In her book Fearless Freedom, Kavita Krishnan writes, “In June 2018, the Indian social media saw a photograph of a mural against sex selection on a wall in Haryana. The image showed a little girl, with her head covered, rolling out rotis, with the slogan ‘Kaise khaoge unke haath ki rotiya, jab paida hone nahi doge betiyan?’ (Who will make rotis for you if you won’t let daughters be born?) The Haryana government got considerable criticism online for this mural. Other similar slogans abound in the ‘Beti Bachao’ campaign, such as ‘Beti nahin bachaoge to bahu kahan se laoge’ (If you don’t save daughters, where will you get daughters-in-law?) and ‘Ma chahiye; behen chahiye; patni chahiye; to beti kyon nahin chahiye?’ (You want mothers, sisters, wives, then why don’t you want daughters?)” Upholding gendered domestic labor, this stand against the regressive practice of sex selection further reduces daughters to be viewed as utilitarian and hence desirable. Krishnan writes, “Is a daughter’s right to be born and cherished dependent on her role as a future mother/daughter/sister/daughter-in-law/wife to men?”

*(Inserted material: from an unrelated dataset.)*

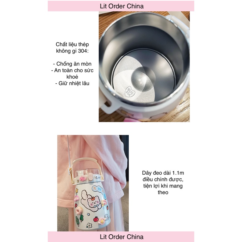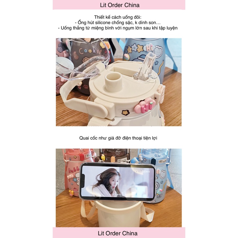 Giới thiệu LIT Bình giữ nhiệt cute full sticker 2D 3D kèm quai đeo dung tích 900ml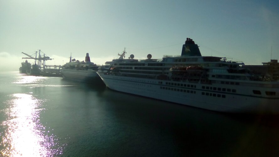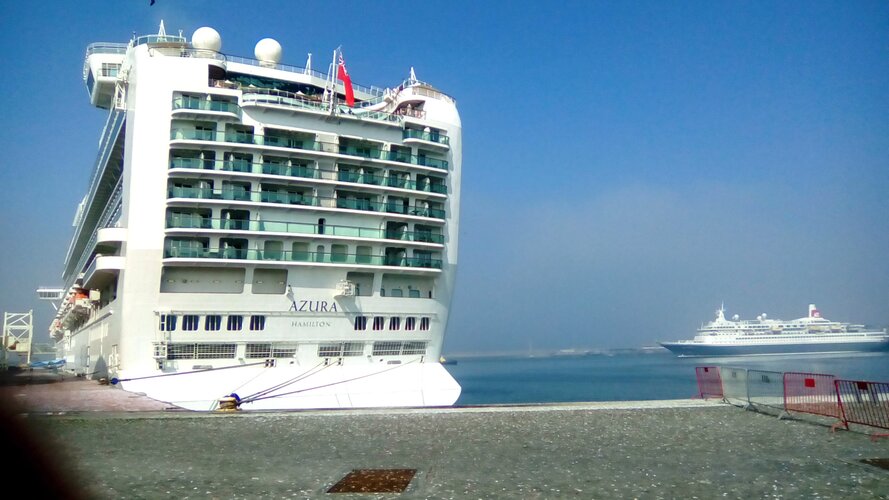 Do lado de Leça da Palmeira são bem visíveis os dois navios atracados: o clássico “Boudicca”, com cerca de 710 passageiros, proveniente do Funchal e com destino a Liverpool, e a embarcação “Amadea” com 534 passageiros maioritariamente alemães, vindo da Corunha seguindo para Lisboa.

Also read: Female Athletes Are Finally Calling The Shots Against Sexist Wardrobe Regulations

‘Bharat ki Beti’ is symptomatic of the same culture of dumbing down women as daughters. Daughters who don’t need to be controlled can still be patronized even if it’s a Saikhom Mirabani Chanu winning a silver medal and India’s first at the Tokyo Games 2020 in the women’s 49kg category. Betis are often the byproducts of a society that has viewed them as a liability, not educated as equals to sons and married off ticking a box of dowry or abuse. ‘Bharat ki Beti’ is a hypernationalist trope of reclaiming the shining daughter saga as patriarchy’s very own poster child of women emancipation.

The word beti carries a lot of baggage, a history of silence, violence and oppression. For ages, daughters have been moral-policed into not falling in love and marrying outside the boundary lines of caste, religion and class. Daughters have been told to return home within the curfew hours to protect their honor, to speak, dress and behave in a certain way, to not to raise their voice or question authority. Daughters have been punished for questioning, transgressing and exercising their agency. Last week, a 17-year-old girl was killed In Uttar Pradesh’s Deoria district for violating her family’s ‘no jeans’ diktat.

To give a mellow pop cultural analogy, the ‘Papa ki Pari’ or the ‘Papa’s Princess’ tags romanticize the spoiled girl as hare-brained, innocent, good-hearted, yet demanding and unreasonable. ‘Bharat Ki Beti’ may be a good PR exercise in patriotism but women are not daughters of the nation. Being a woman doesn’t make her automatically a metaphor for motherhood, daughterhood, the nation or nationalism. Women’s success stories shouldn’t be owned by a male sentiment or represented in relation to men.